Amsterdam(The Netherlands) is the biggest "Melting Pot" in the world.
There are 177 nationalities in the city.

The 2nd place is Antwerp(Belgium) 164

The 3th is New York(USA) 150


source:

Dutch newspapers


----------



## ØlandDK (May 29, 2005)

Source?


----------



## intervention (Aug 26, 2002)

Ugh and what about Toronto?


----------



## ØlandDK (May 29, 2005)

Thought London would be number one...


----------



## Minato ku (Aug 9, 2005)

And one more
this thread should be closed. :bash:


----------



## ØlandDK (May 29, 2005)

^^
Why that?
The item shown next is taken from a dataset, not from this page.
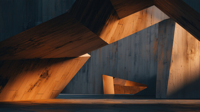 Abstract geometric architectural structure with textured surfaces illuminated by warm sunlight creating dynamic shadows and unique forms in modern design

You can base this list on facts so it shouldn't be a CITY vs. CITY thread...


----------



## refluS (Aug 14, 2007)

minato ku said:


> And one more
> this thread should be closed. :bash:


why stupid?
this is citytalk!


----------



## Lor86MI (Jun 23, 2007)

I think that it's the relationship between dutch and other communities. London, New York an d Paris are the first.


----------



## Obscene (Jul 22, 2007)

Marijuana unites people!:banana: 

hehe


----------



## Marco_ (Jan 15, 2006)

minato ku said:


> And one more
> this thread should be closed. :bash:


Because Paris is not in the top 3 list?


----------



## Obscene (Jul 22, 2007)

Sweden has an area of about 15,000 where 127 nationalities lives.
Sweden won!


----------



## Marco_ (Jan 15, 2006)

Never knew Sweden was a city
Thank you for the info


----------



## Minato ku (Aug 9, 2005)

Marco_ said:


> Because Paris is not in the top 3 list?


Nope
Because these threads always made City vs City.
facts without source... a big chauvinist
Look at every threads with a similar title all was closed..

When a moderator like Tuberman or Wifox will see this thread it will be closed.


----------



## refluS (Aug 14, 2007)

whaha 

yes, people can not accept the way that Amsterdam and Antwerp have the most...

number 177 is a person from Malawi who now lives in Amsterdam.


and its a fact... check the newspapers..

and Amsterdam has always the most, just check the internet.


----------



## Shukie (Mar 29, 2007)

I'll take this with a grain of salt until you actually come up with some credible sources, aside from 'Dutch newspapers'.


----------



## PedroGabriel (Feb 5, 2007)

i'm not surprised, and if you consider that Amsterdam is more smaller than NYC, it is easily to see why it is not just more diverse, but way much more diverse.


----------



## Cymen (Jan 27, 2003)

Obscene said:


> Sweden has an area of about 15,000 where 127 nationalities lives.
> Sweden won!


Same for Amsterdam...


----------



## Obscene (Jul 22, 2007)

Marco_ said:


> Never knew Sweden was a city
> Thank you for the info


you got jokes.
stockholm it is.

im sure amsterdam has one too.

but i doubt amsterdam can compare to new york, paris and london for example considering its size. (per capita im sure it can, thought)


----------



## refluS (Aug 14, 2007)

It has nothing to do with how big the city is, but how much nationalities there are.
And Amsterdam has 177 of them.
So Amsterdam has the title!


----------



## Jero (Jul 31, 2007)

Yes, Amsterdam has the title. On the news, newspapers, news internetwebsites(http://www.nieuwnieuws.nl/archives/2007/08/amsterdam_kent_meeste_national.html), they all say it. Why would they say that if it isn't true?


----------